Россия, где в годы Гражданской войны пропал без вести один из его сыновей, Вениамин, не отпускала, но вернуться на родину было равнозначно гибели. Неожиданно представился случай. Летом 1923 года Шульгину сообщили о готовящейся встрече с человеком «оттуда» и пригласили принять в ней участие. Бывший царский сенатор Николай Чебышёв так описал гостя из Советской России: «На диване сидел приличный господин, лет этак под пятьдесят. Держался спокойно, говорил без всяких жестикуляций, скорее равнодушно. Лицо было обрамлено небольшой темной, аккуратно подстриженной бородкой. Говорил он ни тихо ни громко, гладко, самоуверенно, немного свысока». Перед внимающими слушателями разворачивалась панорама крепнувшего в России монархического движения. Речь шла о том, что идет естественный процесс перерождения страны в национальные формы и эмиграция может этому помочь, если прислушается к данным ей советам.

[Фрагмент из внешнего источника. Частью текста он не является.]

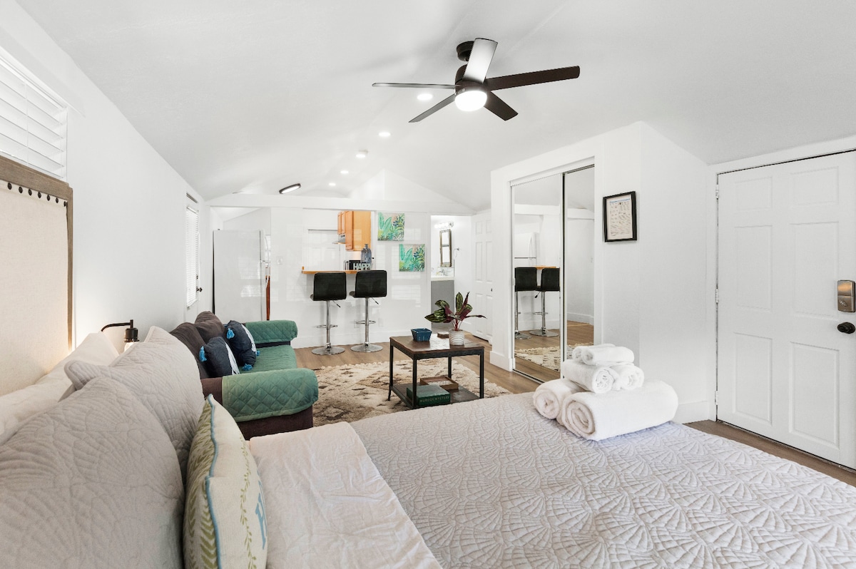 Percutian persendirian yang selesa di Lantana, yang diduduki oleh pemiliknya. Pintu Perancis terbuka kepada syurga tropika. Hanya 10 minit dari lapangan terbang, pantai, restoran, pusat konvensyen & membeli-belah. Nikmati bunyi alam semula jadi di dek peribadi anda yang terpencil oleh pokok palma. Termasuk A/C, bilik mandi, TV Pintar dan tempat letak kereta. PERHATIAN: Tidak mempunyai dapur yang lengkap, walau bagaimanapun, ia termasuk sinki, peti sejuk, ketuhar gelombang mikro, plat panas, dan peralatan untuk membaiki makanan ringkas dengan ruang kaunter yang luas! (lihat gambar) tiada DAPUR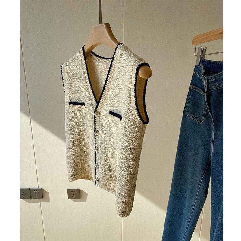 올매치 Xiangfeng ~ 프랑스 레트로 브이넥 중공업 컬러 대비 꽃 고급 니트 조끼 여성 봄과 가을

После ухода гостя, которым был Александр Якушев, последовал обмен мнениями. Чебышёв заподозрил его в связях с советскими спецслужбами, но остальные этих подозрений не разделяли. Личные интересы Шульгина, надеявшегося найти в СССР своего пропавшего сына, и интересы врангелевской контрразведки совпали. Вопрос с поездкой на родину неожиданно получил положительное решение. По воспоминаниям Чебышёва, узнав о том, что Василий Витальевич собирается в Россию, он приложил все старания, чтобы его отговорить. Он указывал Шульгину, что подпольная антисоветская организация «Трест», которая собирается оказать содействие в поездке, несомненно является структурой, созданной советскими спецслужбами.

«ВОПРОС О НАЗНАЧЕНИИ МИНИСТРОВ ВОВЛЕК НАС, ГОСУДАРСТВЕННУЮ ДУМУ, В КОНФЛИКТ С КОРОНОЙ. МЫ СТОЯЛИ НАД БЕЗДНОЙ, НО ПОНЯЛИ ЭТО, КОГДА ОНА УЖЕ РАЗВЕРЗЛАСЬ ПРЕД НАМИ»

Временный комитет Государственной Думы. Второй слева (стоит) – Василий Шульгин. Февраль-март 1917 года (Фото предоставлено М. Золотаревым)

Однако все доводы вызывали у Шульгина лишь раздражение. Василий Витальевич, сам того не подозревая, уже попался на наживку спецслужб, для которых его поездка на родину и успешное возвращение оттуда могли сыграть роль важного доказательства, позволяющего убедить белую эмиграцию в могуществе «Треста». Ловить и судить (а тем более уничтожать) Шульгина, который, в отличие от бывшего лидера Боевой организации эсеров Бориса Савинкова или британского агента Сиднея Рейли, никогда не был склонен к террористической деятельности, не представлялось целесообразным. А вот «сопровождение» его в СССР и обеспечение благополучного возвращения сулило выгоду.

Осенью 1925 года Шульгин из Парижа выехал в Варшаву. В ночь на 23 декабря он нелегально перешел границу через «окно» неподалеку от станции Столбцы. В это время его жене Марии Дмитриевне, остававшейся во Франции и внезапно заболевшей тяжелой формой гриппа, привиделось в бреду, как Шульгина переводит через границу ангел. Путешествие в Советскую Россию началось. Шульгин прибыл в Минск, оттуда добрался до Киева и далее до Москвы и Ленинграда. Найти сына ему не удалось, но посещение «трех столиц» прошло успешно. В феврале 1926 года при помощи Якушева Шульгин выехал в Минск, затем пересек польскую границу и через Югославию достиг Парижа.

Когда выяснилось, что Шульгин положительно воспринимает советскую действительность, кураторы его поездки из советских спецслужб заинтересовались еще одной счастливо представившейся им возможностью. О замечательном литературном слоге Шульгина было хорошо известно, и ему намекнули, что он мог бы написать книгу. С другой стороны, не было уверенности, что эмигрант сможет контролировать полученные от поездки впечатления и ни в чем не проболтаться. Чекисты сработали здесь на опережение: пусть уж пишет под их контролем.

Впоследствии Шульгин рассказывал о прощальной встрече с Якушевым: «Якушев высказал два напутственных пожелания. Первое состояло в том, что он подчеркнул положительную роль Кутепова [генерала, активного участника Белого движения. – А. Р.] в деятельности контрреволюционной организации "Трест" и отрицательную Врангеля, который не доверял Якушеву. В связи с этим он надеялся, что мое благополучное возвращение за границу докажет Врангелю, что "Трест" – есть контрреволюционная организация, а не обман. Второе пожелание Якушева заключалось в том, что он просил меня отразить в моей литературной деятельности впечатления о поездке в Советскую Россию».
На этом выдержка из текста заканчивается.